What you will do => Copy the records below exactly, starting at the line that contains "Este design de" and ending at the line that contains "引出し付 ■天板:木目カラー×本体ホワイト- 立川・八王子店"; leave out any pictures.

Provided information =>

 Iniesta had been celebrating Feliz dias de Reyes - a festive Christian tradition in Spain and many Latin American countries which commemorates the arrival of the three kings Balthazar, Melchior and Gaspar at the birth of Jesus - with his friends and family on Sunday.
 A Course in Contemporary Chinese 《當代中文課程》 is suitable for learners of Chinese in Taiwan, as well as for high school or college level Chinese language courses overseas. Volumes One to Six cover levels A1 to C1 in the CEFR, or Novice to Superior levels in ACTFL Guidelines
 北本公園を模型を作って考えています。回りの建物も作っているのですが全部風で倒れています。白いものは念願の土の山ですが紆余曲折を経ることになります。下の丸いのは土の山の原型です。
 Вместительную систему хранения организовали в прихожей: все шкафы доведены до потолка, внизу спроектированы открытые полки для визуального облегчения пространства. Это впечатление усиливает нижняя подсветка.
---
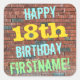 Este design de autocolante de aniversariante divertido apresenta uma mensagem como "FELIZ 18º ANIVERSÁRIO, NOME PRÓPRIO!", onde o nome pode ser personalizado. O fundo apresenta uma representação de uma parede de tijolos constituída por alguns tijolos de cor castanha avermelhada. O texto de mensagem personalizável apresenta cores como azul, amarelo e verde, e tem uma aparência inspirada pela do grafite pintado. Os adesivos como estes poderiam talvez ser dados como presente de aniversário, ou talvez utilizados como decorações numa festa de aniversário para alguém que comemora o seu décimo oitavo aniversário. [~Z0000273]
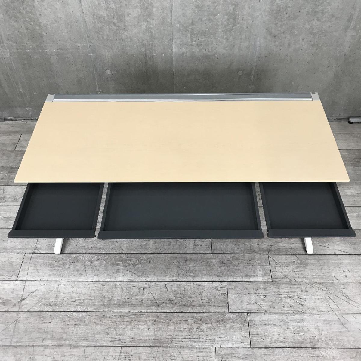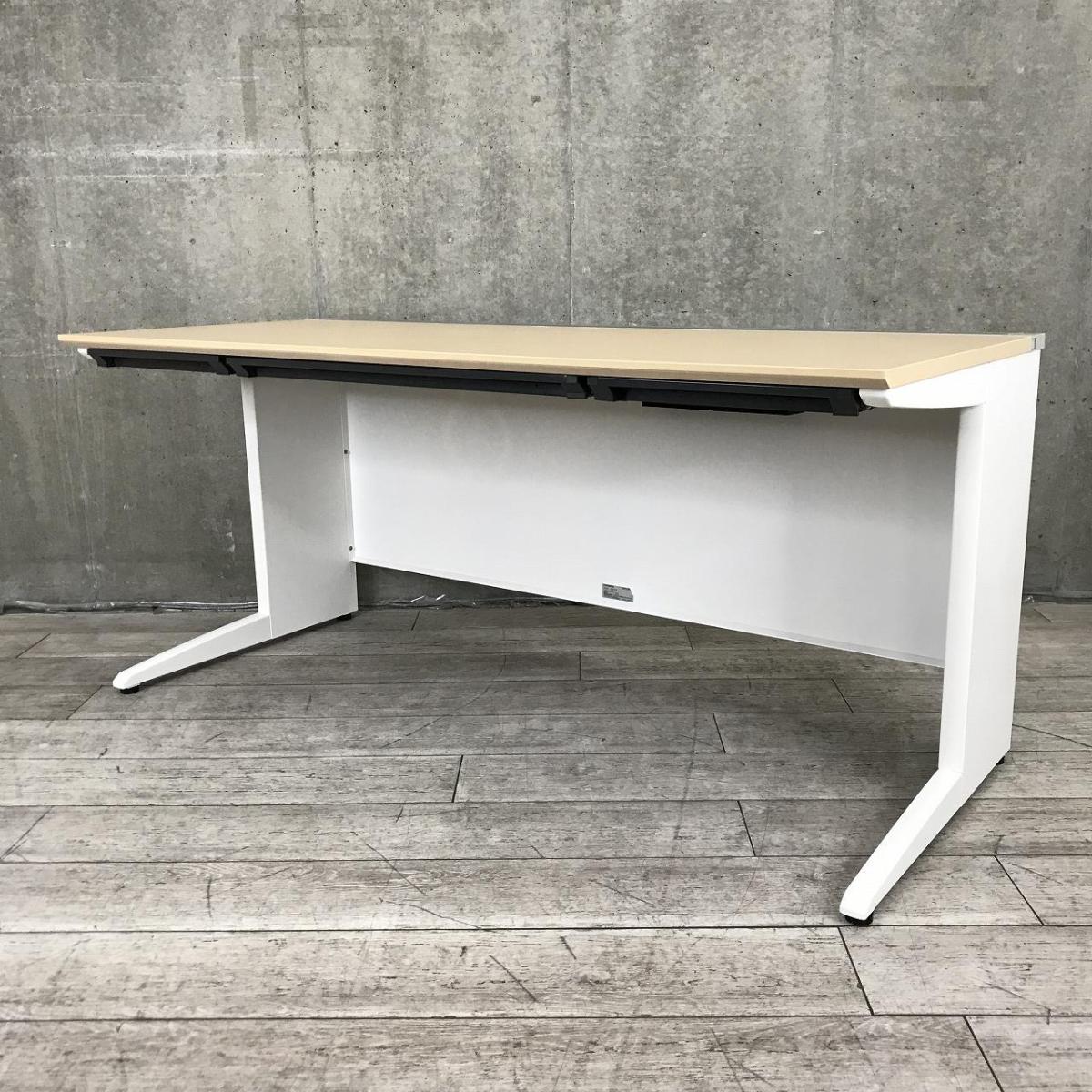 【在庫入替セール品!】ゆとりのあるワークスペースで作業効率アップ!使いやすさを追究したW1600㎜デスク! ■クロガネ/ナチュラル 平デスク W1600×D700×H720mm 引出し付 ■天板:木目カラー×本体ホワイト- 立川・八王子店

Output of the exercise =>
 Este design de autocolante de aniversariante divertido apresenta uma mensagem como "FELIZ 18º ANIVERSÁRIO, NOME PRÓPRIO!", onde o nome pode ser personalizado. O fundo apresenta uma representação de uma parede de tijolos constituída por alguns tijolos de cor castanha avermelhada. O texto de mensagem personalizável apresenta cores como azul, amarelo e verde, e tem uma aparência inspirada pela do grafite pintado. Os adesivos como estes poderiam talvez ser dados como presente de aniversário, ou talvez utilizados como decorações numa festa de aniversário para alguém que comemora o seu décimo oitavo aniversário. [~Z0000273]
 【在庫入替セール品!】ゆとりのあるワークスペースで作業効率アップ!使いやすさを追究したW1600㎜デスク! ■クロガネ/ナチュラル 平デスク W1600×D700×H720mm 引出し付 ■天板:木目カラー×本体ホワイト- 立川・八王子店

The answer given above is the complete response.